At the Cutter conference I recently attended, a gentleman named Robert Scott gave the keynote address. In it he talked about what he thought the future of technology leaders would look like. One thing he said stuck with me – future leaders will need to be able to see through messes rather than clean them up.
Although I found it an interesting idea, it couldn’t quite fit it into something I could relate to. That was until a discussion today. I was talking with someone regarding measuring a quality assurance organization and each time I proposed a metric he would counter with something like “but if we measure it that way then what about the situation where X doesn’t apply?” essentially implying that there was noise in the measurement system and we’d have to clean it up before the measurement would be useful.
And that’s when Robert’s comment finally made sense to me. As a data person, I’ve learned to live and even embrace the noise inherent in measuring software development. It’s more like economics or sociology than it is like physics or chemistry. Given some exact set of inputs, the output will be directionally the same, but not exactly the same. But software people don’t go for mostly right or directionally right. It bothers them. After all, software is either wrong or it’s right. Either it’s a bug or it isn’t. There’s no such thing as that’s sort of a defect. So, when you introduce a measurement system that naturally contains noise, the discomfort sets in.

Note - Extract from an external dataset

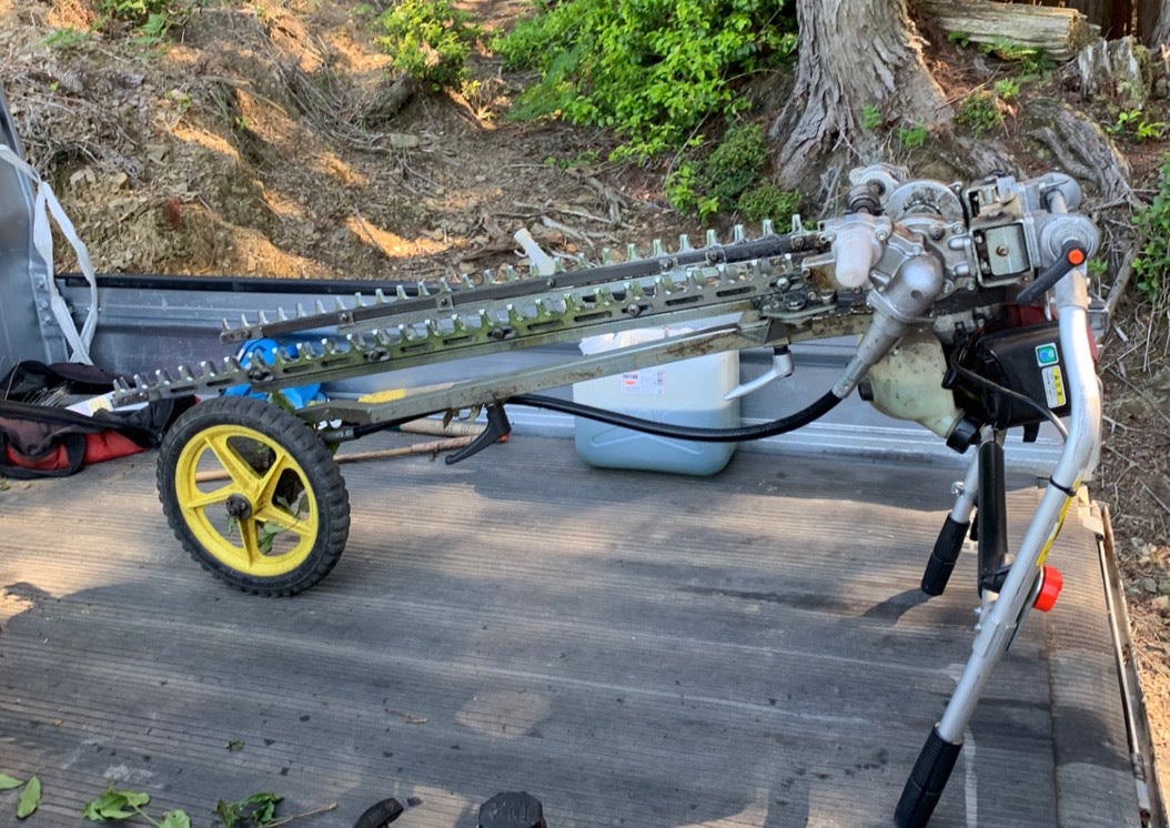 ・お茶を植え替えるための準備を行います。植え替えられるのは弱ってきたり成長が悪いもので、それらを草刈機やショベルカーを使って除去します。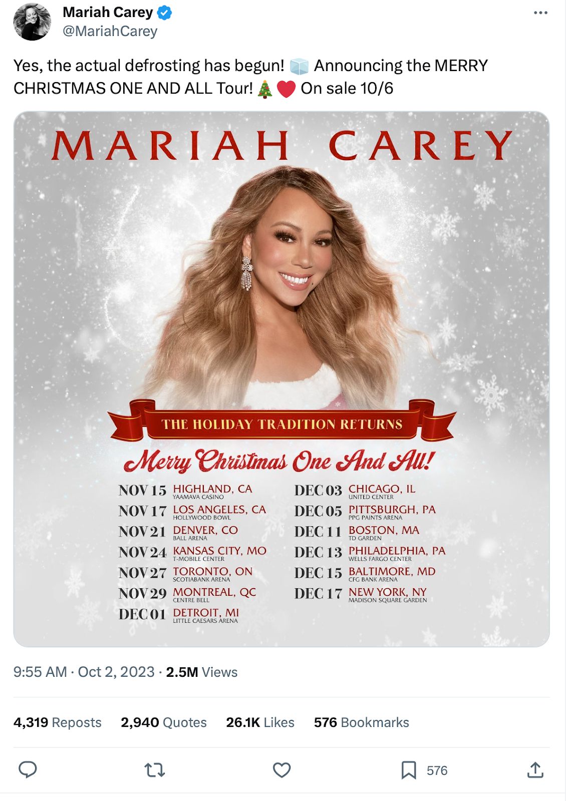 Mariah is back with a “Merry Christmas One And All Tour” that she announced on social media with tickets going on sale on 10/6.

Here’s the thing. If we assume Robert Scott is right, that future leaders must be able to see through messes rather than clean them up, then the measurement of software stands a chance of moving forward. It will always be imperfect, but the data helps us to make better decisions. Yes, it’s messy. It contains noise, but rather than always trying to clean it up, acknowledge it is there, and start to look beyond the noise at the signal underlying it.